O nacionalismo que caracteriza todos ou quase todos os movimentos e
governos iliberais (Trump, Putin, Salvini, Le Pen, Bolsonaro etc.) era um
elemento essencial no fascismo clássico, embora o seu peso variasse de caso a
caso. Creio que o fascismo italiano foi mais nacionalista que o nazismo, pela
ênfase que ele dá ao novo renascimento da Itália (Hitler diz que o nazismo não é
exportável, que seria assunto entre ele e o povo alemão; 17 porém o biologismo
racista, como sublinha Arendt, e o movimento final, que assinala uma espécie de
ruptura com o próprio povo alemão, mostram como a nação era menos
fundamental para os nazis do que a raça). O nacionalismo está bastante
presente nos “fascismos derivados”. Deve ter sido mesmo o seu elemento
fundamental.
A violência é, bem entendido, um traço comum ao fascismo e a certas formas
do iliberalismo, ainda que não a todas, pelo menos no seu estágio atual de
desenvolvimento. Os dois governos em que o culto da violência e também a sua
prática (mas em níveis, apesar de tudo, por ora pelo menos ainda diferentes) são
os de Bolsonaro e de Duterte, nas Filipinas. Nesse último caso temos um
verdadeiro regime “de massacre”, de uma brutalidade inaudita. A violência se
manifesta muito marcadamente no regime fascista italiano, e evidentemente,
em forma paroxística, no regime genocidário nazista. Paxton observa que o
fascismo italiano foi mais violento que o nazismo no período anterior à tomada
do poder; depois da tomada, deu-se o contrário. 18 Mas o último episódio do
fascismo italiano, o da República de Salò, é particularmente sangrento
(Mussolini liquida até o Conde Ciano, seu genro), mas “mesmo assim, todo o
sangue derramado pela República de Salò não passou de umas poucas gotas, se
comparado ao que foi derramado nos dias finais do nazismo”.19
No plano econômico, aparece, apesar de tudo, uma diferença importante
entre os iliberalismos e o fascismo. Insisti nos traços não neoliberais que estão
presentes nas políticas econômicas dos governos iliberais. Mas as marcas do
neoliberalismo são, de qualquer modo, sensíveis (isso não permite definir o
iliberalismo pelo neoliberalismo: é preciso saber que peso, em seu projeto
político, tem a relação com o capital). Os fascismos eram bastantes estatizantes
(porém, segundo Paxton, Mussolini queria um Estado mínimo até
1925).20 O estatismo dos fascismos clássicos estava na regulação da economia e
nos obstáculos impostos ao comércio exterior. Porém, menos no final, os
capitalistas se acomodam bem ao novo sistema. 21 O crony capitalism, o
capitalismo oligárquico, a serviço dos “amigos”, tão visível na Hungria de hoje,
como também na Polônia, estava presente nos fascismos: vejam-se as vantagens
de que desfrutava Goering, chefe de partido e industrial.
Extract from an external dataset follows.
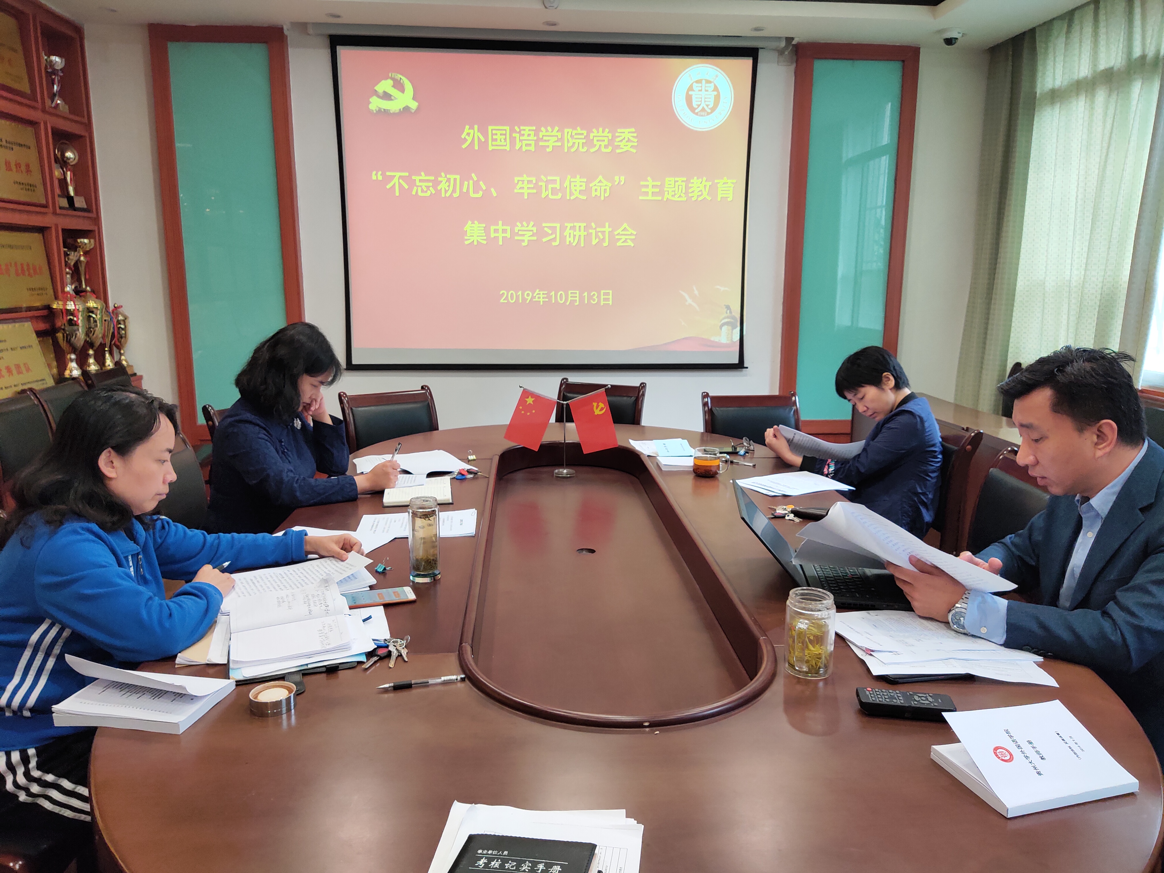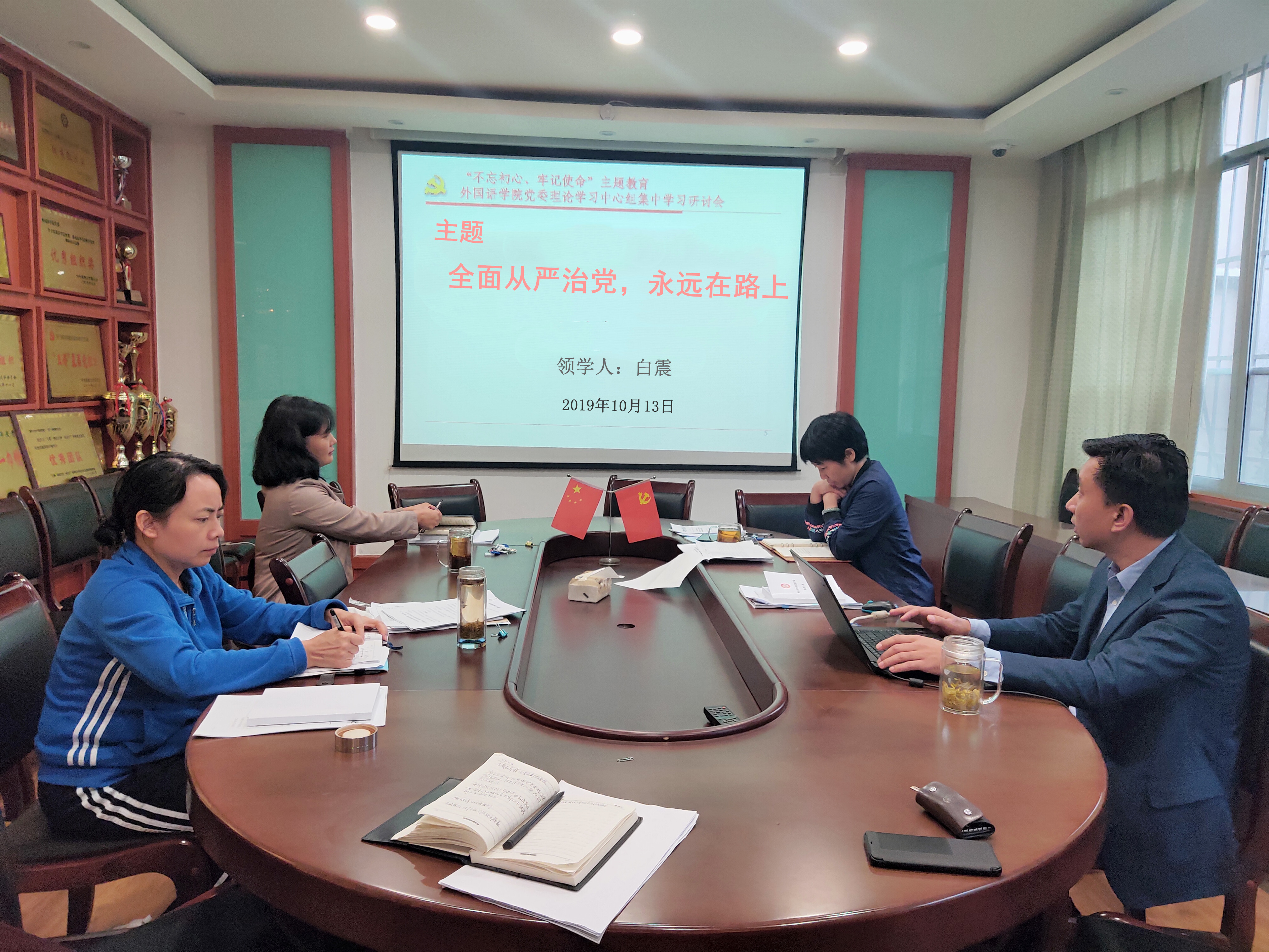 金沙9001cc以诚为本首页党政办讯 10月13日下午1:30,金沙官网党委在外语楼207会议室召开“不忘初心、牢记使命”主题教育第二次集中学习研讨会。学院党委书记白震、院长周杰、副院长宁梅、王晓梅参加了学习会。白震书记以“全面从严治党永远在路上,深刻领会全面从严治党的基本要求和重大意义”为题领学了本次集中学习研讨会。

Os casos atuais
parecem ser, entretanto, de um tipo diferente. Para me ater apenas à Hungria,
sobre a qual se pode ter acesso a uma literatura importante, o crony
capitalism parece quase definir o regime. Um opositor ao regime de Orbán
inventou o termo “Estado Mafioso” (Mafia State)22 para exprimir a essência do
regime (Estado a serviço de uma máfia que controla a economia e os centros de
poder). A diferença é que precisamente o lado mafioso do Estado húngaro não é
um traço, ele representa o conjunto: não há um Estado fascista clássico por trás
disso. Em todo caso, a semelhança deve ser assinalada.